The vaccine comes with minimal risk. You might get a sore arm, fever, body aches, etc. Better to put up with that for a day or two than to actually put yourself and your family members at risk of serious harm. The serious risks of the vaccine have been proven to be very rare, and there is NO zero risk option when it comes to vaccine vs. virus. The COVID19 virus itself has plenty of harmful, potentially devastating and long-lasting effects.
I wish I could say that the vaccine guarantees full protection against COVID-19, but it does not. However, the potential risk vs. potential benefit ratio still falls heavily on the side of the vaccine. Breakthrough cases in vaccinated individuals are milder than unvaccinated cases. There are much lower rates of hospitalization and death amongst those who received the vaccine compared to those who did not. In recent weeks, 97% of COVID19 hospital admissions and 99.5% of COVID19 deaths were in unvaccinated patients. A study in the UK showed that the Pfizer vaccine still had ~88% efficacy against the Delta variant.
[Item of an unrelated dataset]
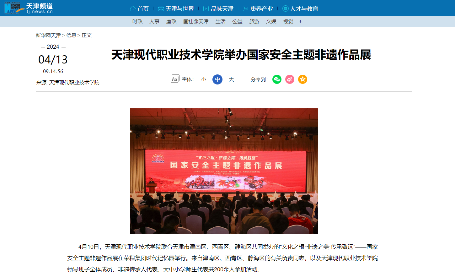 4月10日,KY开元集团官网联合天津市津南区、西青区、静海区共同举办的“文化之根·非遗之美·传承致远”——国家安全主题非遗作品展在荣程集团时代记忆园举行。来自津南区、西青区、静海区的有关负责同志,以及KY开元集团官网领导班子全体成员、非遗传承人代表,大中小学师生代表共200余人参加活动。

Many people are avoiding the vaccine because they already had COVID-19 last year. Preliminary evidence is showing that natural immunity may not be effective against Delta, but more studies are needed. Think about it this way- you can get different strains of the flu two years in a row, so why would this be any different? Why would one episode of COVID protect you against all future strains? Please don’t let your past COVID-19 infection stop you from getting the vaccine.
Regarding pregnant patients, our national OBGYN professional organizations are now recommending vaccination of pregnant individuals. Data has shown us that— simply put— vaccination is safe in pregnancy and COVID-19 infection is not. COVID-19 infection puts pregnant patients at an increased risk of hospital admission, as well as severe complications including ICU admission and death. The COVID-19 vaccine does not increase risk of miscarriage. The vaccine itself does not cross the placenta. The antibodies DO cross the placenta, which is a potentially huge benefit for your baby.
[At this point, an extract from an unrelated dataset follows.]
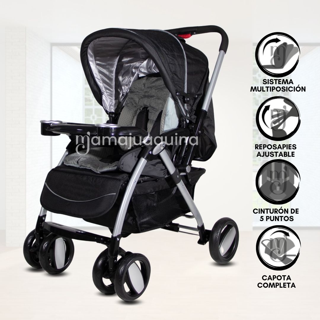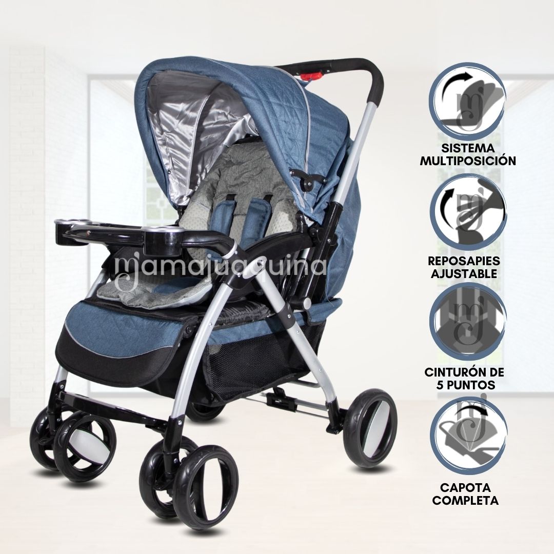 • Bandeja con posavaso : Perfecta para colocar el biberón o un snack durante los paseos.

PLEASE do not worry about your fertility. The COVID19 vaccine has not been found to impact male or female fertility OR fertility treatment outcomes.
Let me get personal with you for a second. I have told my story before on this platform, and now I have an update. I have been through years of fertility treatments and required IVF for my pregnancy in 2019-2020. I received my COVID-19 vaccines in December-January. By the end of January, I was feeling sick daily. I figured I didn’t have COVID since I was vaccinated, but I never expected that it was actually because I was PREGNANT (on our own!) I have joked that the COVID19 vaccine doesn’t cause infertility—in fact, it might have cured it in my case! (Just kidding…n of 1 here)
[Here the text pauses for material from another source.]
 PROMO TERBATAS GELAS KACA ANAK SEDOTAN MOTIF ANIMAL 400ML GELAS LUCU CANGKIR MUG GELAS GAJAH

There is a ton of propaganda and misinformation out there. Your decision about the vaccine needs to be based on science, not a conspiracy theory you read on Facebook. I understand the caution that many people have taken, and I appreciate the honesty of the people who have opened up to me about their uncertainty. I respect your viewpoint, and I believe that we are all adults who are capable of making these decisions for ourselves. I have told countless patients that I am not judging anyone else’s decision— I just knew that the decision for myself was very clear. I still take care of all of my patients the same way, caring for them the best that I can, vaccinated or not!
I am hoping that this post helps those who remain in the middle and who have been looking for a nudge of reassurance that this vaccine is considered safe and is still recommended by medical professionals. If this post helps even a few more people decide to get vaccinated, then I consider that a success. Please consider taking your shot!